Exercise inputs »

******

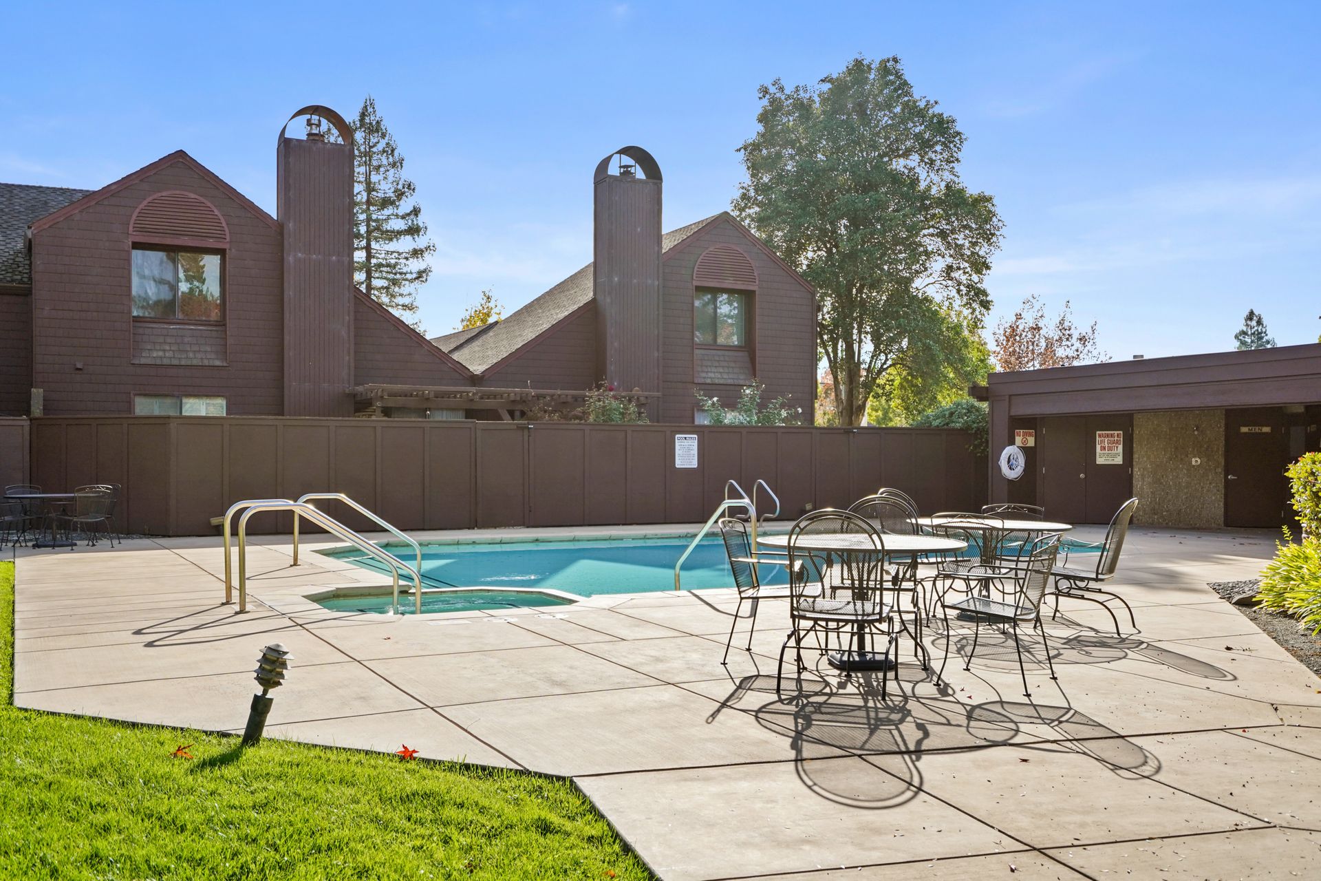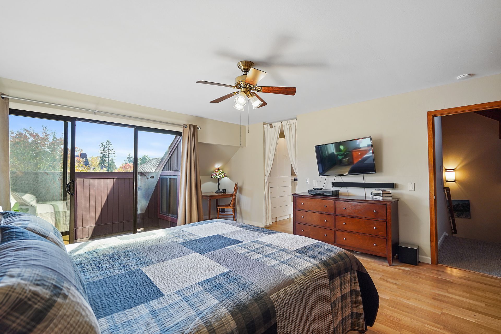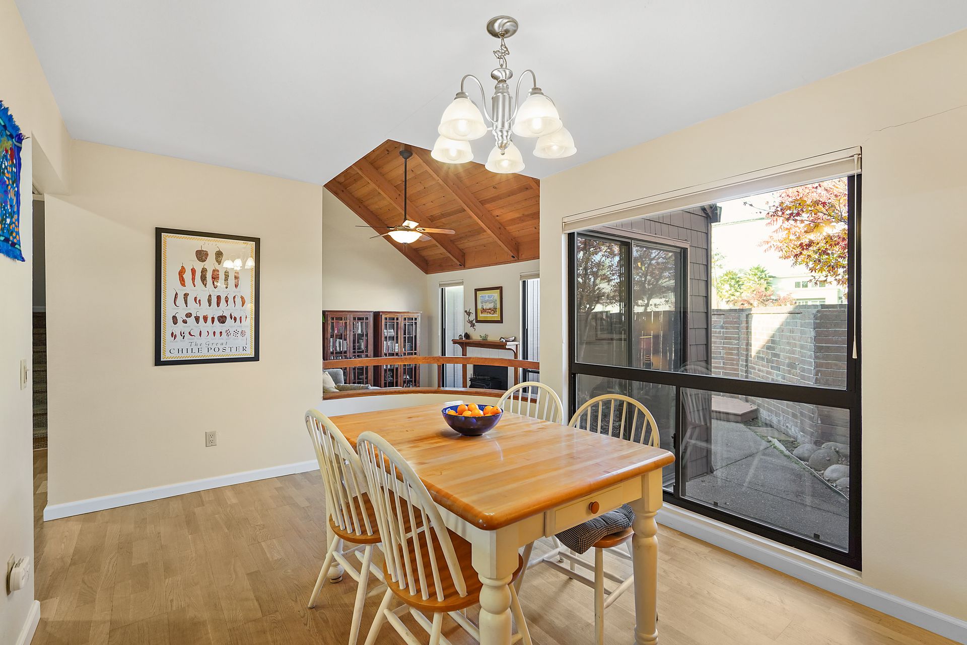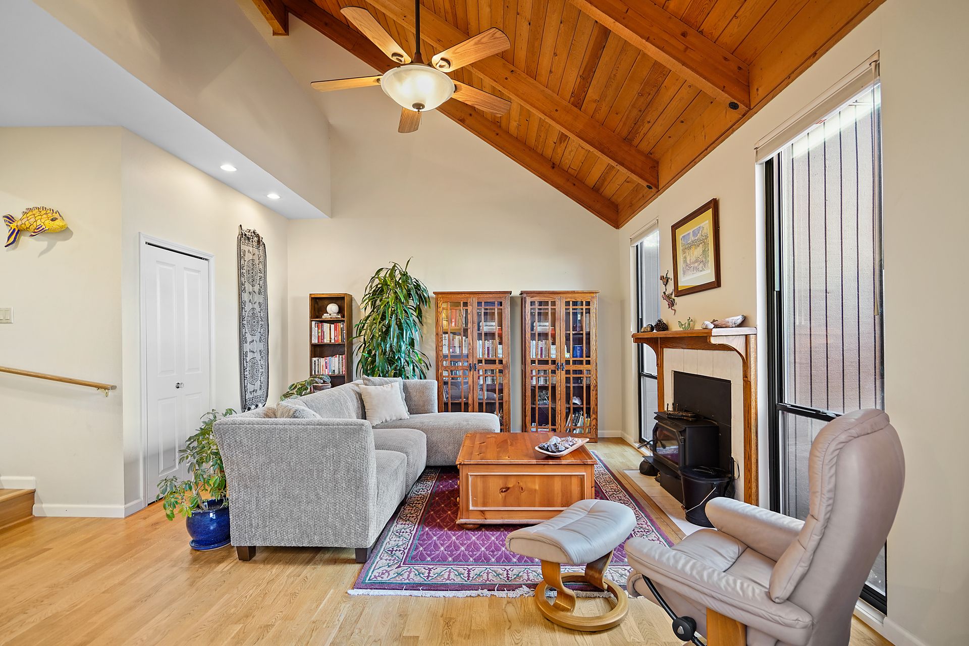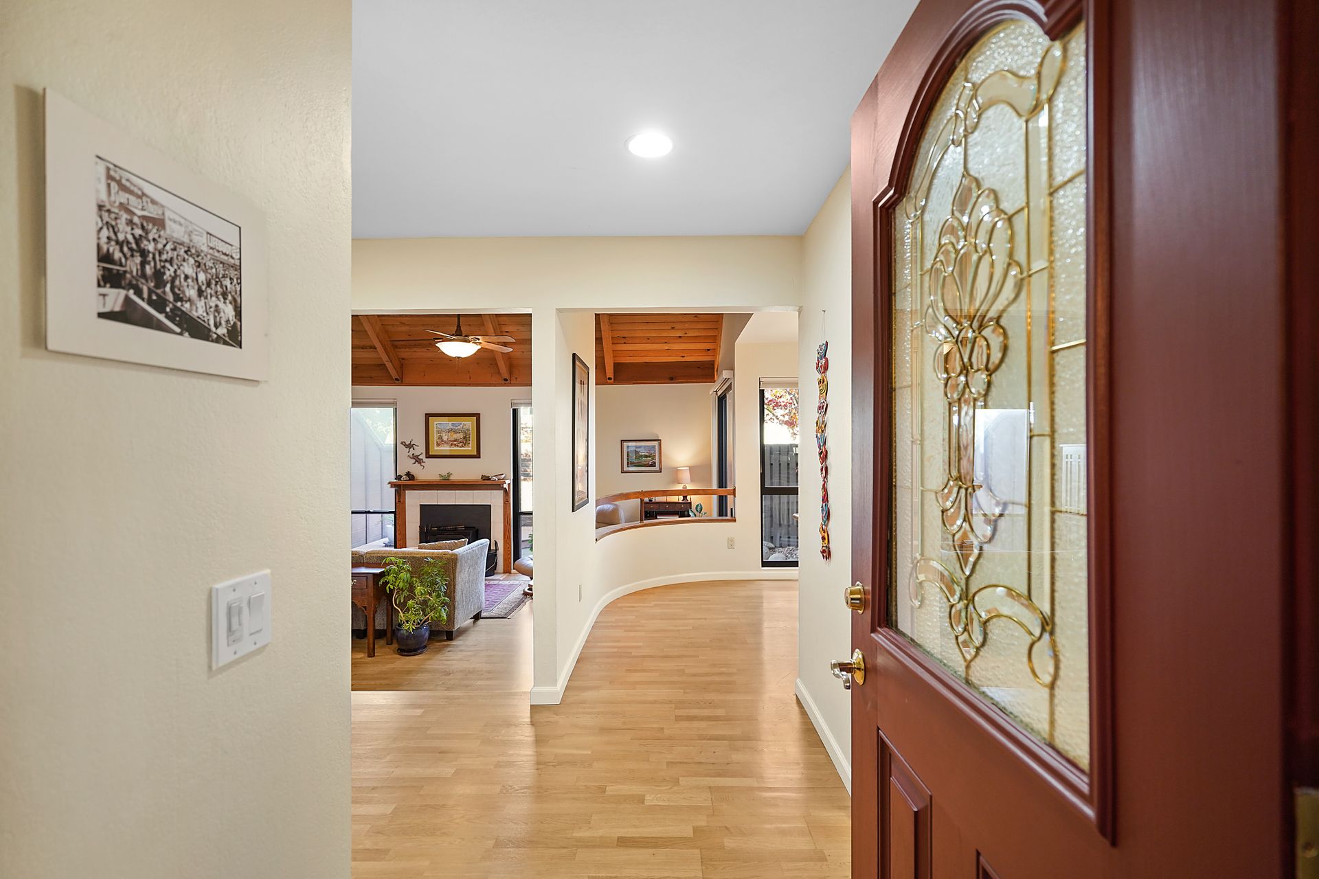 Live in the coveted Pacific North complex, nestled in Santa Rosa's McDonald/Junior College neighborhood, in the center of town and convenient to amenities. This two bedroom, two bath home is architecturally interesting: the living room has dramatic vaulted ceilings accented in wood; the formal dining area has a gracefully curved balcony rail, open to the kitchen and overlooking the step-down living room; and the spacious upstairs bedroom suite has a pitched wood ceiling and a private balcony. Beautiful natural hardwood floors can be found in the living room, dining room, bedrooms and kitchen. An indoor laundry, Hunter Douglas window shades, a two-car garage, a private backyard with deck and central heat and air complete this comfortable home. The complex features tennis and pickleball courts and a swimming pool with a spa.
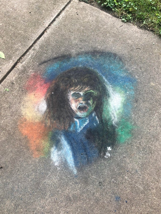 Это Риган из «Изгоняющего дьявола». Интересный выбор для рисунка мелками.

******

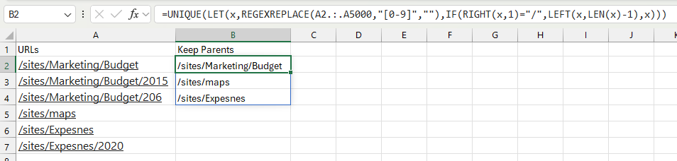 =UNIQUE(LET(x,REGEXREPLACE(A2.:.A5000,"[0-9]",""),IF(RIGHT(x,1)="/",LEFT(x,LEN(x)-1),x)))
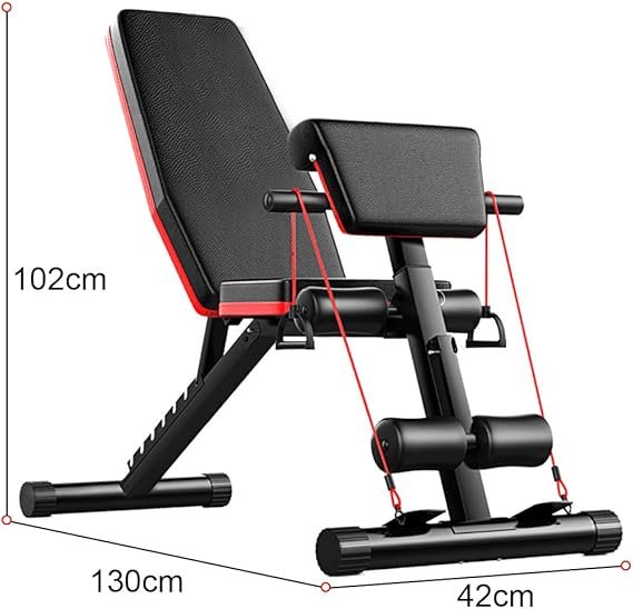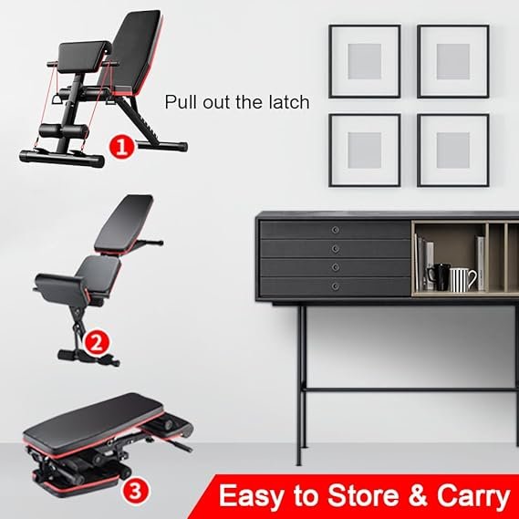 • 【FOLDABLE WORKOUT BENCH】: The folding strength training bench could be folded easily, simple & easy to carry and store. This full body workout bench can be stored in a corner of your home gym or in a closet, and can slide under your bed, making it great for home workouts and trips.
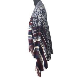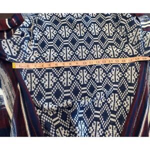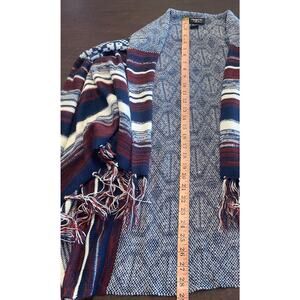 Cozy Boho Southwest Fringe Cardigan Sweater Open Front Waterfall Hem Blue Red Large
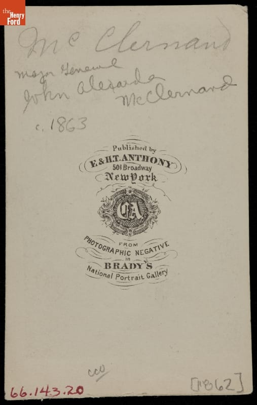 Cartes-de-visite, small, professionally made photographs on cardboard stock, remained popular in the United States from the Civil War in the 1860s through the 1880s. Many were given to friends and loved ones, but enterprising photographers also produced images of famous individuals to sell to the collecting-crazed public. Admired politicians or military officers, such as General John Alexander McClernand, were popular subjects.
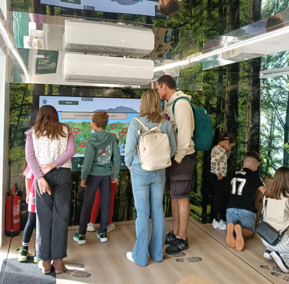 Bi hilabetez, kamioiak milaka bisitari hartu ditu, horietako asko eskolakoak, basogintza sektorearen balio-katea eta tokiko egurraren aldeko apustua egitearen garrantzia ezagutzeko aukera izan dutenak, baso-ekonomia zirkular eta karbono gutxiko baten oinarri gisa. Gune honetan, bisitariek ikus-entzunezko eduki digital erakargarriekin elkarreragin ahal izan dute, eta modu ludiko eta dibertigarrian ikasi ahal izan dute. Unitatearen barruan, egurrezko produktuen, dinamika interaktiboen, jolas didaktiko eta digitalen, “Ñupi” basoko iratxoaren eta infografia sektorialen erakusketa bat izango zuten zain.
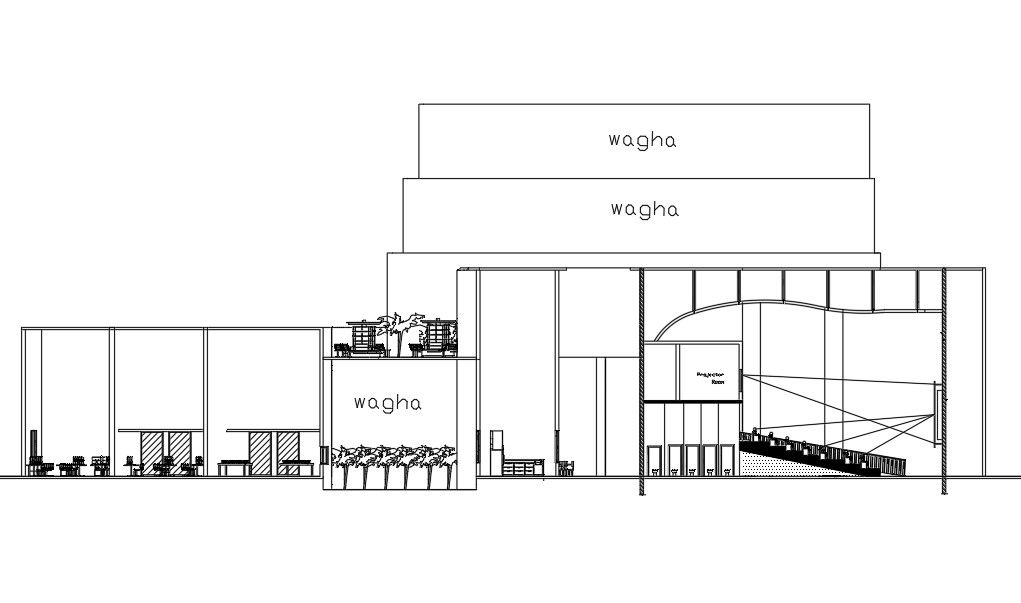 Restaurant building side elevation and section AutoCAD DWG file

******

Task description » Using the entries above, transcribe every line from the line containing "Live in the" through the line containing "Это Риган из". Do not copy pictures.

Final answer »
 Live in the coveted Pacific North complex, nestled in Santa Rosa's McDonald/Junior College neighborhood, in the center of town and convenient to amenities. This two bedroom, two bath home is architecturally interesting: the living room has dramatic vaulted ceilings accented in wood; the formal dining area has a gracefully curved balcony rail, open to the kitchen and overlooking the step-down living room; and the spacious upstairs bedroom suite has a pitched wood ceiling and a private balcony. Beautiful natural hardwood floors can be found in the living room, dining room, bedrooms and kitchen. An indoor laundry, Hunter Douglas window shades, a two-car garage, a private backyard with deck and central heat and air complete this comfortable home. The complex features tennis and pickleball courts and a swimming pool with a spa.
 Это Риган из «Изгоняющего дьявола». Интересный выбор для рисунка мелками.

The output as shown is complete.